Макс уже открывал дверцу.
– Какой черт? – спросил он.
– Макс… – начал Смайли.
– Не волнуй, Джордж. Я не собираюсь кому-то тебя продал. О'кей?
– О'кей.
Продолжая все так же неподвижно сидеть в машине, Смайли смотрел, как Макс ловит такси. Он небрежно щелкнул пальцами, будто подзывая официанта.
Когда такси подъехало, он назвал адрес, даже не удосужившись взглянуть в сторону водителя. Отъезжая, он сидел все так же прямо, глядя на дорогу перед собой, как какой-нибудь король смотрит поверх толпы, будто не замечая ее.
Как только такси скрылось за углом, инспектор Мэндел не спеша поднялся со скамейки, сложил газету и подошел к «роверу».
– Все чисто. – сказал он. – А когда за спиной все спокойно, то и совесть может спать спокойно.
Не совсем уверенный в этом, Смайли передал ему ключи от машины и, перейдя через дорогу, зашагал к остановке, откуда автобусы уходили в западном направлении.
Глава 28
Следующее место, куда направился Смайли, находилось на Флит-стрит: это был погребок, полный бочонков с вином. В других районах считалось бы, пожалуй, поздновато в половине четвертого пополудни заказывать аперитив перед обедом, но здесь, когда Смайли аккуратно открыл дверь, с десяток плохо различимых фигур, сидящих за стойкой, обернулось, чтобы получше его рассмотреть. А за угловым столиком, таким же невзрачным на вид, как и пластиковые имитирующие тюремные своды или бутафорские мушкеты, развешанные по стенам, сидел Джерри Уэстерби с огромным стаканом розового джина.
– Старина, – неуверенно протянул Уэстерби голосом, будто шедшим откуда-то из-под земли. – Чтоб я сдох. Эй, Джимми!
Его рука, которую он положил на плечо Смайли, в то время как другой показал официанту, что нужно добавить, была огромных размеров и бугрилась мускулами; Джерри когда-то играл вратарем в крикетной команде своего графства, В отличие от других вратарей он был крупным мужчиной, но его плечи так и остались ссутуленными от долгой привычки держать руки низко над землей. У него была грива рыжевато-седых волос и красное лицо, а поверх шелковой рубашки кремового цвета он носил галстук известного спортивного клуба. При виде Смайли он явно пришел в восторг: лицо его прямо-таки лучилось от удовольствия.
– Черт побери, чтоб я сдох, – повторил он. – Ну и дела!
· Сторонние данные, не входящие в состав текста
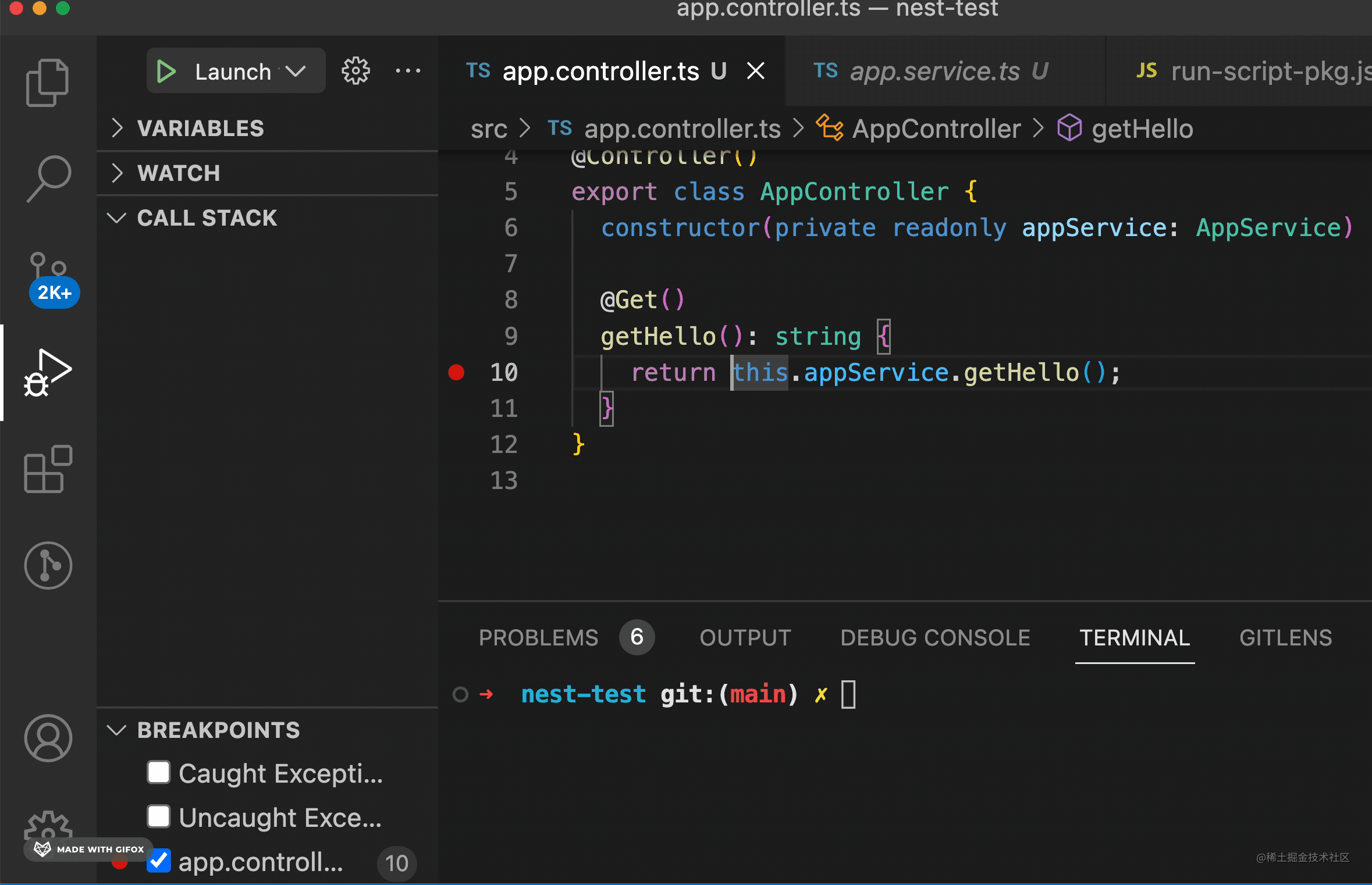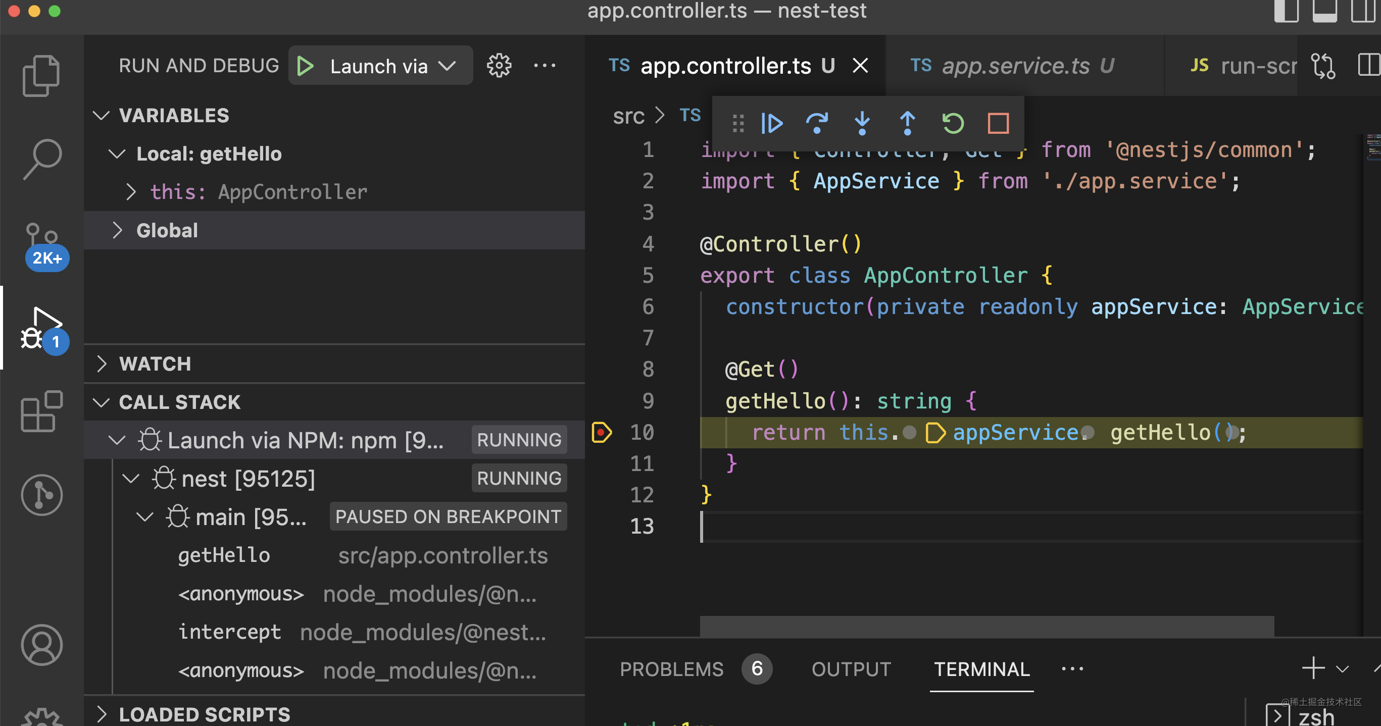 调试 Nest.js 项目就是用 npm 的方式启动调试配置,指定下 console 为 terminal 就可以了。
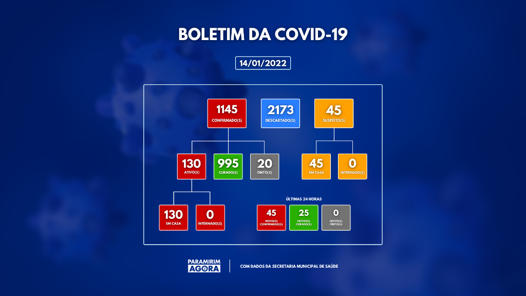 A Secretaria de Saúde de Paramirim informou nesta sexta-feira (14) a confirmação de mais 45 casos de covid-19 no município. Segundo a pasta, a maioria está...
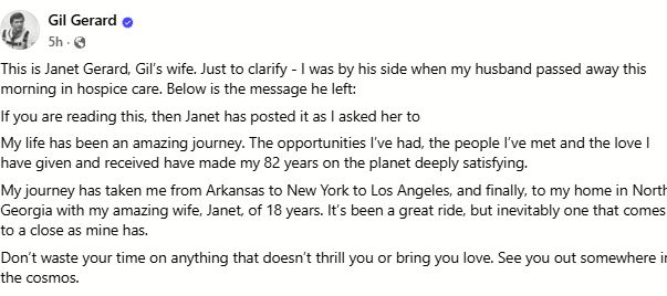 "If you are reading this, then Janet has posted it as I asked her to. My life has been an amazing journey. The opportunities I've had, the people I've met, and the love I have given and received have made my 82 years on the planet deeply satisfying. My journey has taken me from Arkansas to New York to Los Angeles, and finally, to my home in North Georgia with my amazing wife, Janet, of 18 years. It's been a great ride, but inevitably one that comes to a close as mine has. Don't waste your time on anything that doesn't thrill you or bring you love. See you out somewhere in the cosmos," the message read.
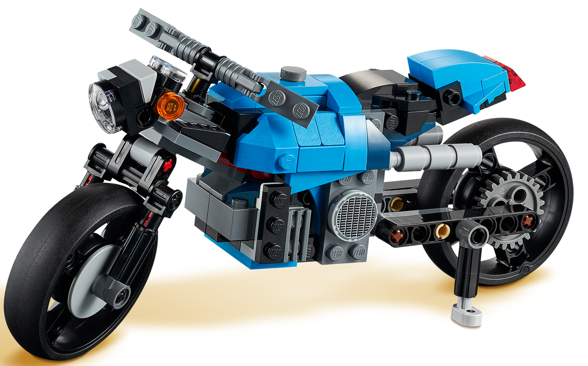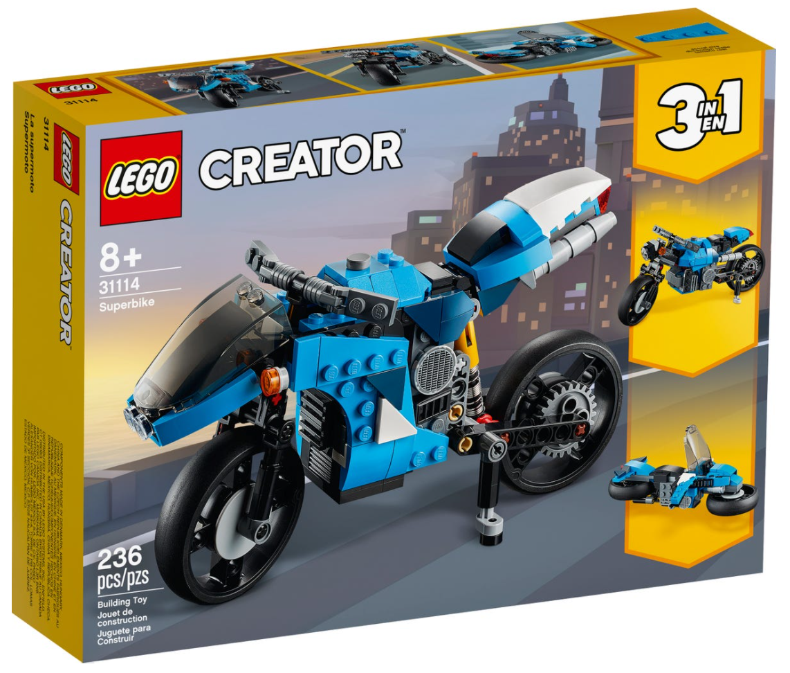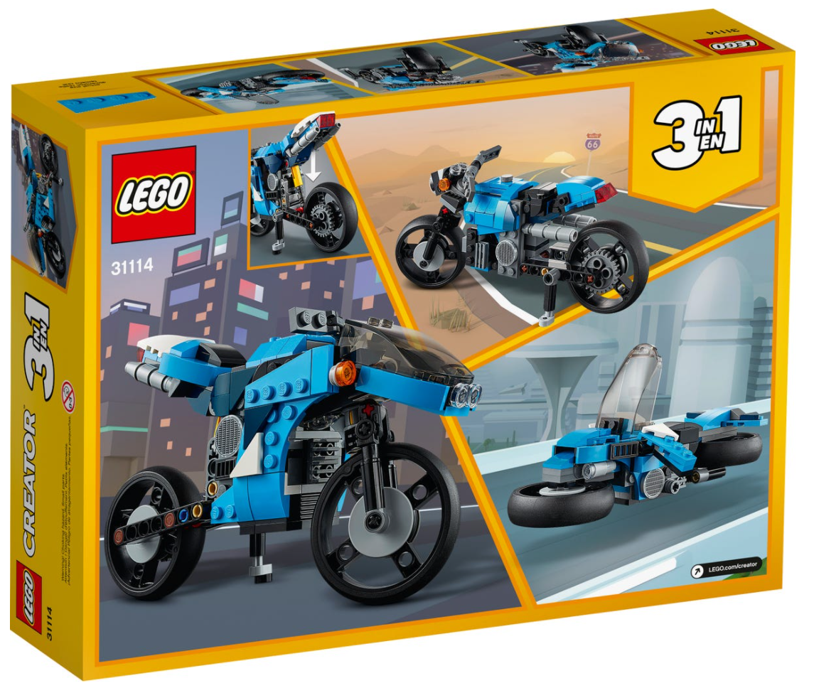 - Zestaw LEGO® Creator 3 w 1 Supermotocykl (31114) zachęca, by ruszyć wyobraźnią i oddać się budowaniu. Z klocków można zbudować trzy modele — nowoczesny motocykl, klasyczny motocykl oraz futurystyczny latający motocykl.

Эй, чем ты сейчас занимаешься? – Он насильно усадил Смайли рядом с собой. – Небось греешь задницу на солнышке да поплевываешь в потолок? Эй, – самый неотложный вопрос надлежало решить в первую очередь, – что будешь пить?
Смайли заказал «Кровавую Мэри».
– Джерри, я здесь не совсем случайно, – признался Смайли.
Возникла небольшая пауза, которую Джерри тут же поспешил заполнить:
– Послушай, а как поживает твоя роковая супруга? Все в порядке? Вот это да. Один из самых грандиозных браков, я всегда это утверждал.
Сам Джерри Уэстерби был женат несколько раз, но вряд ли это доставило ему много удовольствия.
– Давай заключим сделку, Джордж, – предложил он, толкнув Смайли своим здоровенным плечом. – Я поживу с Энн и поплюю в потолок, а ты за меня будешь строчить статьи о женском пинг-понге. Ну как, идет? Твое здоровье.
– Будь здоров, – добродушно ответил Смайли.
– Давненько не видел никого из наших ребят и девчонок, такие дела, – замявшись, признался Джерри, снова смутившись непонятно отчего. – Рождественская открытка от старого Тоби в прошлом году – вот, пожалуй, и все. Думаю, поди, далеко они меня задвинули. Но я их не виню. – Он слегка постукивал пальцами по ободку стакана. – Слишком много было всякой ерунды, в этом все дело. Они думают, я буду трепаться направо и налево. С ума сойти можно.
– Уверен, они так не думают, – сказал Смайли, и они оба погрузились в молчание.
– Слишком дорогое ожерелье смельчаку не к лицу, – торжественно продекламировал Джерри.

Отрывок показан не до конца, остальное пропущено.